### [TASK PROMPT]
Every line in the data below from the one containing "Por otra parte, la" down to the one containing "右側呈現了原始策略與vivo", both included, must be retyped exactly; no other line is to appear.

### [PROVIDED DATA]
..........

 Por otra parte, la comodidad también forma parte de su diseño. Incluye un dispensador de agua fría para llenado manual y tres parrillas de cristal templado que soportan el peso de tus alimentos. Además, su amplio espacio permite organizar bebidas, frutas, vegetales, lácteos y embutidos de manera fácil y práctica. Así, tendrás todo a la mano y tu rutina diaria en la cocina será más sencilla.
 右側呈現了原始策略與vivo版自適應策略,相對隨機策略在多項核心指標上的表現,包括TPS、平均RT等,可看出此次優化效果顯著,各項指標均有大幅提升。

..........

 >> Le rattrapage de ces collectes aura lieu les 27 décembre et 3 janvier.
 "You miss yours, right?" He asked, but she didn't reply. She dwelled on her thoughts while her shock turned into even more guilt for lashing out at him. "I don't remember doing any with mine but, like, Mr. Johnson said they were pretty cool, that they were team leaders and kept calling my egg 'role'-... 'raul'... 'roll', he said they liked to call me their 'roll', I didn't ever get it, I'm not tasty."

..........

### [OUTPUT]
 Por otra parte, la comodidad también forma parte de su diseño. Incluye un dispensador de agua fría para llenado manual y tres parrillas de cristal templado que soportan el peso de tus alimentos. Además, su amplio espacio permite organizar bebidas, frutas, vegetales, lácteos y embutidos de manera fácil y práctica. Así, tendrás todo a la mano y tu rutina diaria en la cocina será más sencilla.
 右側呈現了原始策略與vivo版自適應策略,相對隨機策略在多項核心指標上的表現,包括TPS、平均RT等,可看出此次優化效果顯著,各項指標均有大幅提升。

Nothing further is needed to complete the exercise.